Rayna Mitkova-Todorova arbeitet in einer wichtigen Branche. Sie gehört zum bulgarischen Inkassoverband ACABG – dessen Mitgliedsunternehmen gut 2,5 Millionen Inkassofälle pro Jahr bearbeiten und der Volkswirtschaft in ihrem Land fast 100 Millionen Euro zurückführen. Gerade in Südosteuropa sind die Forderungsmanager immer wichtiger geworden. „Die viertgrößte Bank Bulgariens ist letztes Jahr pleitegegangen, und die drittgrößte musste zur selben Zeit schwere Liquiditätsschwierigkeiten bewältigen“, erklärt Mitkova-Todorova. Kein Wunder, dass in Bulgarien die Zahlungsmoral im Keller ist. Dabei lief es bis 2008 sogar gut. „Wenn es überhaupt mal zu Zahlungsverzögerungen kam, war der Grund meist, dass die Schuldner ihre Rechnungen schlicht vergessen hatten."

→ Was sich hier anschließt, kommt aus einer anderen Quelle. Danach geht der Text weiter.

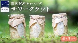 嬬恋村キャベツ農家のこだわりザワークラウト『プレーン』『和風』『スパイス』の3種類をセットでお届けします。
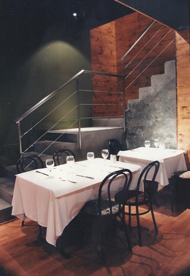Reforma i rehabilitació d’una casa de poble, a Vilanova i la Geltrú, per adequar-la a restaurant. La creació d’un ambient molt intimista va fer que s’utilitzessin materials i colors més aviat foscos amb aplicació de llum puntual pràcticament a tot el local excepte la cuina.
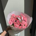 Mono bouquet of pink spray roses in size S. The bouquet is wrapped in white paper with a satin ribbon. What you get: • A detailed care guide to help your flowers last longer • Flower food to preserve freshness up to 5-7 days • A gift bag for safe delivery It is perfect as an addition to the main gift for a girl of any age. Any lady will be happy to receive such a bouquet. The shade of the flowers may vary depending on the season.
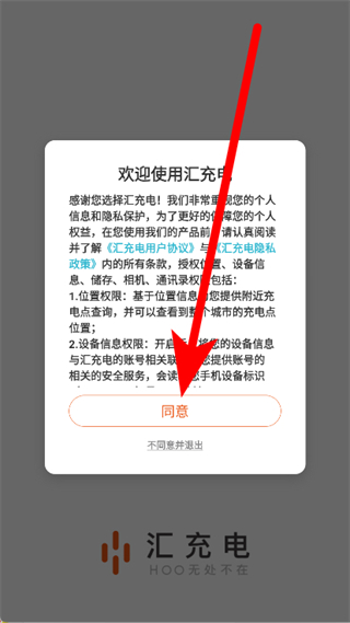1、打開(kāi)匯充電,在彈窗中點(diǎn)擊同意。
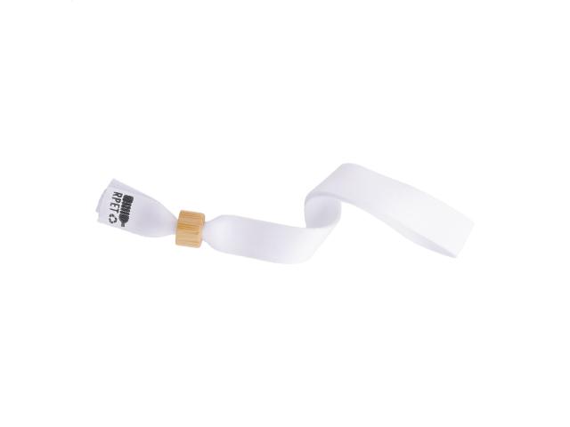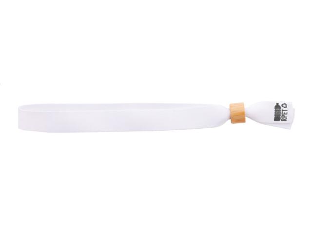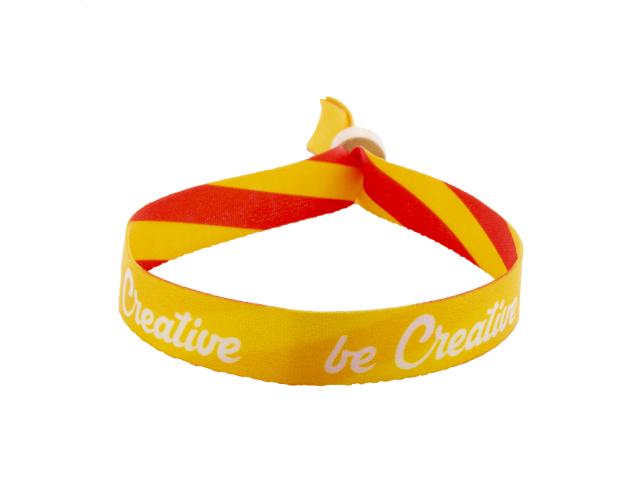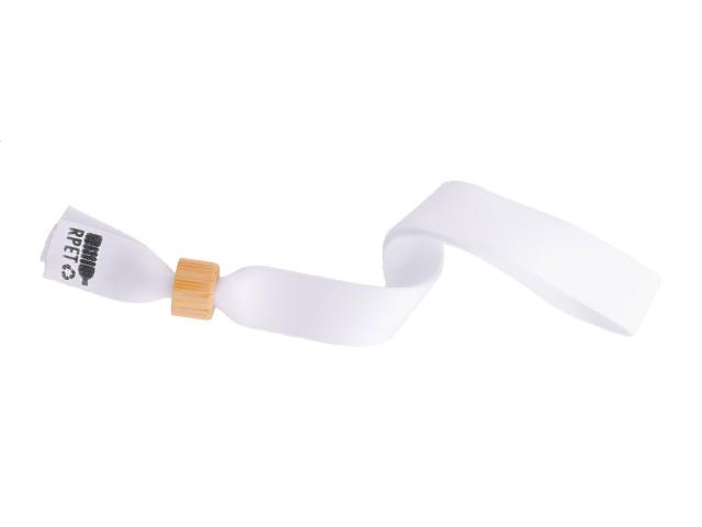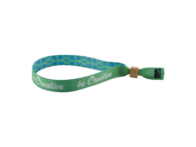 Custom made, RPET polyester festival bracelet with bamboo safety lock. With sublimation printed graphics on both sides. MOQ: 100 pcs.

Nicht nur in Südosteuropa müssen Gläubiger oft um ihr Geld zittern. Auch in Belgien hat die Rechnungstreue seit der Finanzkrise stark nachgelassen. Gegenüber dem BDIU-Magazin „Die Inkassowirtschaft“ berichtet Etienne van der Vaeren vom belgischen Inkassoverband über wachsenden Bedarf an den Leistungen seiner Branche: „Noch vor fünf Jahren haben uns unsere Kunden etwa zwei bis drei Prozent ihres Umsatzes an B2C-Forderungen zum Einzug übergeben. Heute liegt dieser Anteil bei drei bis vier Prozent.“

Besser läuft es dagegen in Deutschland und Schweden, wie „Die Inkassowirtschaft“ in dieser Ausgabe berichtet.

„Deutsch für Juristen“
Kommunikationstrainer Michael Schmuck erklärt im Interview, wie Juristen auch für Laien verständlich formulieren können. Aber leicht fällt das den Rechtsexperten nicht: „Da vier Juristen bekanntermaßen zehn Meinungen haben und sich mit Vorliebe darüber auseinandersetzen, nutzen sie sprachliche Missverständnisse liebend gern für einen akademischen Disput – statt das Missverständnis aus dem Text zu entfernen und durch eine eindeutige Aussage zu ersetzen“, so Schmuck. In dem Interview finden sich viele Beispiele für „schlechtes“ Juristendeutsch – und praxisnahe Vorschläge dafür, wie man Kompliziertes verständlich darstellen kann.